Functional Analysis of the Amine Substrate Specificity Domain of Pepper Tyramine and Serotonin N-Hydroxycinnamoyltransferases

Sei Kang , Kiyoon Kang , Gap Chae Chung , Doil Choi , Atsushi Ishihara , Dong-Sun Lee , and Kyoungwhan Back *

Department of Molecular Biotechnology, Agricultural Plant Stress Research Center, Biotechnology Research Institute, Chonnam National University, Gwangju, 500-757, Korea
Korea Research Institute of Bioscience and Biotechnology, Daejeon 305-600, Korea
Division of Applied Life Sciences, Graduate School of Kyoto University, Kyoto 606-8502, Japan
Structural Biology Center, Department of Biochemistry and Molecular Biology, University of Texas Medical School, TX 77030, USA

* Corresponding author; email: kback{at}chonnam.ac.kr.

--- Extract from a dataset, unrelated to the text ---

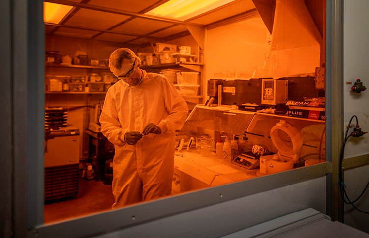 Axel Guenther, scientific director in the Centre for Microfluidic Systems, inspects microfluidic devices in a cleanroom (photo by Nick Iwanyshyn)

Pepper serotonin N-hydroxycinnamoyltransferase (SHT) catalyzes the synthesis of N- hydroxycinnamic acid amides (HCAAs) of serotonin, including feruloylserotonin and p-coumaroylserotonin. To elucidate the domain or the key amino acid that determines the amine substrate specificity, we isolated a tyramine N-hydroxycinnamoyltransferase (THT) gene from Capsicum annuum. Purified recombinant THT protein catalyzed the synthesis of HCAAs of tyramine, including feruloyltyramine and p-coumaroyltyramine, but did not accept serotonin as a substrate. Both the SHT and THT mRNAs were found to be expressed constitutively in all pepper organs. Pepper SHT and THT, which have primary sequences that are 78% identical, were used as models to investigate the structural determinants responsible for their distinct substrate specificities and other enzymatic properties. A series of chimeric genes was constructed by reciprocal exchange of DNA segments between the SHT and THT cDNAs. Functional characterization of the recombinant chimeric proteins revealed that the amino acid residues 129-165 of SHT and the corresponding residues in THT, 125-160, are critical structural determinants for the amine substrate specificity. Several amino acids are strongly implicated in the determination of the amine substrate specificity, in which Gly-158 is involved in catalysis and amine substrate binding, and Tyr-149 plays a pivotal role in controlling the amine substrate specificity between serotonin and tyramine in SHT. Furthermore, the indisputable role of Tyr is corroborated by the THT-F145Y mutant that serotonin is accepted as the acyl acceptor. The results from the chimeras and the kinetic measurements will direct the creation of additional novel N-hydroxycinnamoyltransferases from the various N-hydroxycinnamoyltransferases found in nature.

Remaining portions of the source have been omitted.